Rolf Eriksson (9 March 1942 – 1984) was a Swedish football forward who played the majority of his career for Malmö FF.

==Career==
Eriksson started his career at Malmö FF where he played in various youth teams before reaching the first team in 1961. He had a strong physique but he was fast nevertheless and had a powerful shot, this resulted in him being called the new Gunnar Nordahl. For his first season in Allsvenskan Allsvenskan he played in all of the matches and managed to score nine goals, he repeated the feat the coming year when he scored ten goals.

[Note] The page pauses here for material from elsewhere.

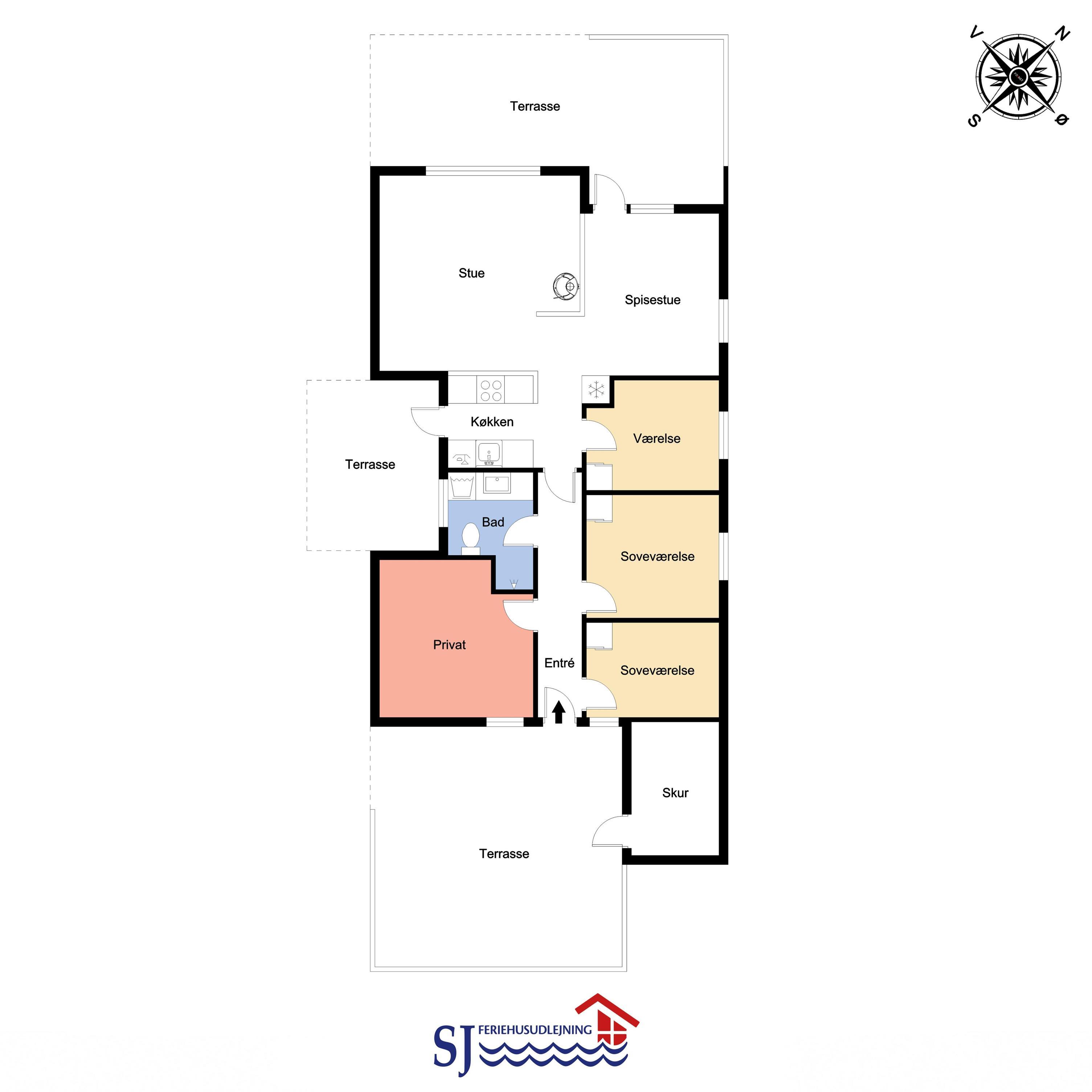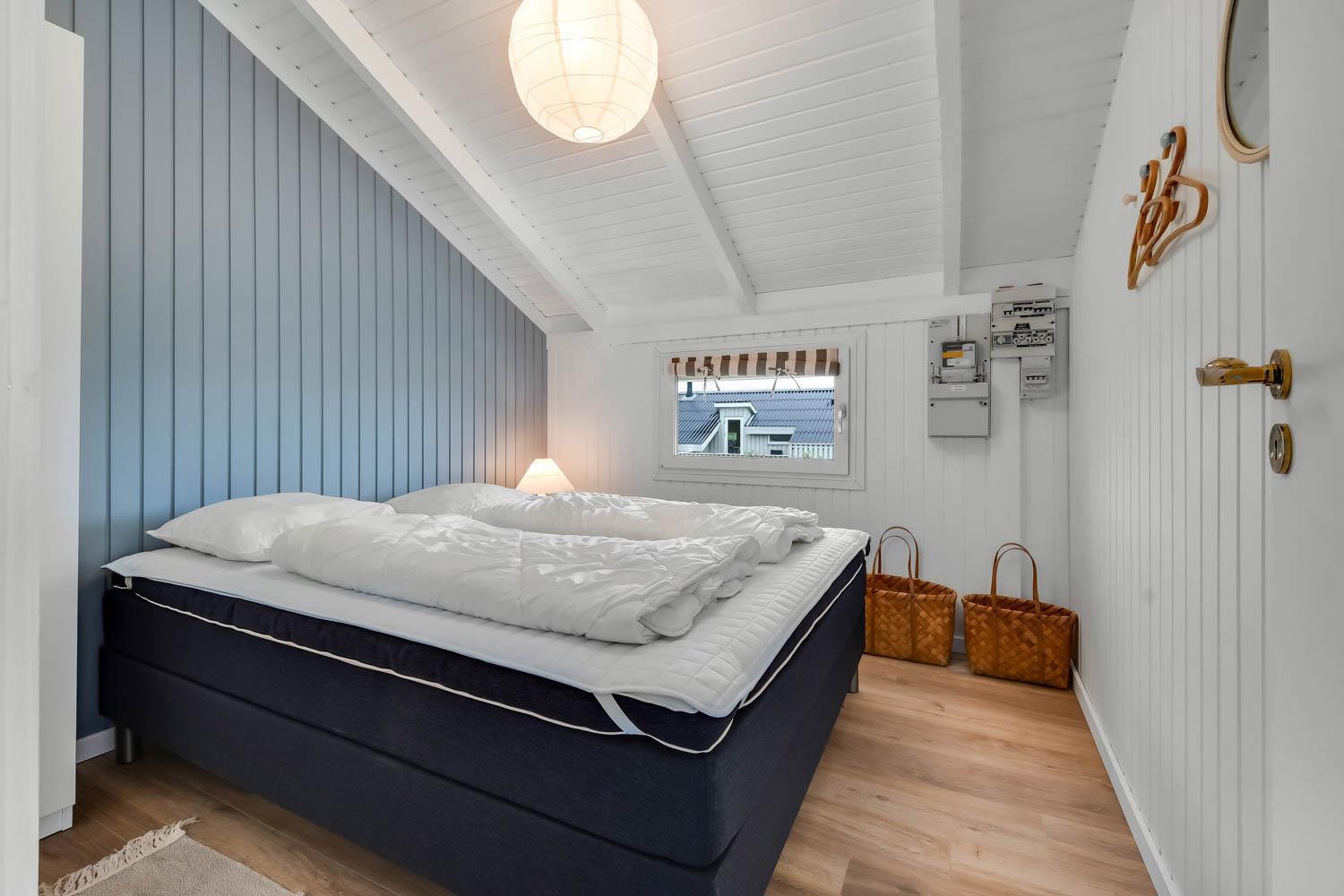 Godt indrettet 76 m2 stort træhus. Huset er bygget i 1978 og renoveret i 2024 således med nyt køkken og badeværelse. 3 soveværelser (1DS, 1DS, 2ES). En praktisk og lys entré byder jer velkommen. For enden af entréen træder man ind i huset helt nye køkken med induktionskogeplader og indbygget bordemhætte, indbygningsovn, opvaskemaskine og køleskab med fryseboks. Køkkenet er kombineret med opholds-/spisestuen. Opholdsstuen som er nedsænket i forhold til køkken og spiseafdeling er med lædermøbler og stofmøbler og en dejlig brændeovn. TV kun med tysk programmer. Danske tv-kanaler streames via chromecast, så har du en mobiltelefon eller et andet device med kan du streame, hvad du nu har af abonnement. Der er anlæg, hvor man ligeledes kan streame sin egen musik. Der er pergo trægulv i hele huset. Badeværelset er i mikrocement. Badeværelse med toilet, håndvask og bruser. Vaskemaskine. Husdyr ikke tilladt. Ikke rygerhus.

The successful start of his career made him an interest for Italian Serie A club Bologna who wanted him to transfer to the club, however the Italian Football Federation introduced a ban on all foreign players and Eriksson had to remain in Malmö even though all contracts were signed. Competition in the starting line-up was though back in Malmö and Eriksson soon saw himself replaced by Bo Larsson among others. He also started to pick up habits and stopped training properly which made him unfit to play for the team. In 1966 he transferred to Division 2 side IFK Trelleborg where he got off to a good start and a new beginning for his career. However, Eriksson never managed to get his health or career back on track and died 42 years of age in 1984.